İmamoğlu, “Efendim, hemen sıkıştılar mı geçen seçimde ‘Esenyurt düşerse, Mekke düşüyordu!’ Şimdi, ‘31 Mart'tan sonra Gazze kurtulacakmış!’ Allah'tan korkun yahu. Ağzınızı açamadınız yahu. Lahey'e Uluslararası Adalet Divanı’na, Afrika'nın ta dibindeki Güney Afrika Cumhuriyeti dava açtı. Sen ağzını açamadın. Ondan sonra, ‘Efendim Gazze kurtulacakmış!’ Sıkıştılar mı biz Yaradan'a sığınıyoruz, onlar Yaradan'ın bize emanet ettiği inancımızı, dinimizi her yerde kullanmaya çalışıyorlar. Ayıptır. Ayıptır. Hadi oradan. Hadi oradan” ifadelerini kullandı.
Görevi devraldıktan sonraki bütçe durumlarından borçlanma yetkilerinin tırpanlanmasına kadar birçok finansal bilgiyi kanaat önderleriyle paylaşan İmamoğlu, “Onların kullandığından daha az bütçeyle, çok daha fazla iş başardık” dedi. Katılımcılarla devletin resmi rakamlarını paylaştığını kaydeden İmamoğlu, “Ben, devletin resmi rakamlarını anlatıyorum. Öyle aşağısını yukarıya çeken, yukarısını aşağı çeken ‘Esenler İstatistik Ofisi’ olarak anlatmıyorum yani. Büyükşehir belediyesinin resmi rakamlarını söylüyorum” şeklinde konuştu.

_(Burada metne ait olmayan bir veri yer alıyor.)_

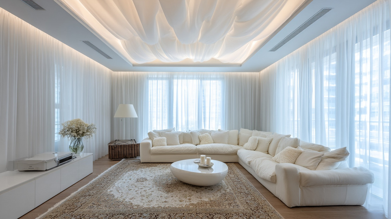 В домашнем интерьере сатиновые потолки особенно ценны благодаря своей способности создавать уютную атмосферу:

İmamoğlu açıklamasında, “Devletin bütçesini, ekonomisini, teknik işlerini, çevreyi yöneten insanları, sosyal hizmetleri yöneten insanları iyi seçerseniz ve bu milletin iyi yetişmiş evlatlarını oraya oturtursanız… Biz buna gayret ettik” dedi.
Siyaseti başarız kılan şeyin sıkışmışlık olduğunu söyleyen Ekrem İmamoğlu konuşmasını şöyle sürdürdü:
“En iyilerini seçtim, demiyorum. Her zaman bu milletin evlatlarında iyiden daha iyi vardır. Bu milletin evlatlarına güvendiğiniz zaman, başarısız olmanız gerçekten mümkün değil. Siyaseti de başarısız kılan, aslında bir sıkışmışlık. Mesela bugünkü siyaset, bugün ülkeyi yöneten akıl, iddiayla söylüyorum; bir parti devleti kurma arzusunda. Yani her şey partiye ait. Sanki mesela yardımı AK Parti veriyor. Lütufmuş gibi. Ben de diyorum ki, ‘Ey milletim; açta açıkta yoksulluğunuz var ise, bu bizim kusurumuz. Yani bu devletin, bu milletin bir kusuru. Bunu kapatmak da devletin, milletin sorumluluğu. Açta, açıkta bırakmamak. Eğer güçlü milletsen, devletsen senin açta açıkta insanın kalmaması lazım. Peki nasıl bir anlayış var? ‘Biz milleti yardımla ikna edelim, millet bizi oy versin.’ Biz aslında bu ülke olarak, bu millet olarak yoksulluğu değil, zenginliği konuşursak, o hükümet başarılıdır. Biz yoksulluğu konuşuyoruz kardeşim.”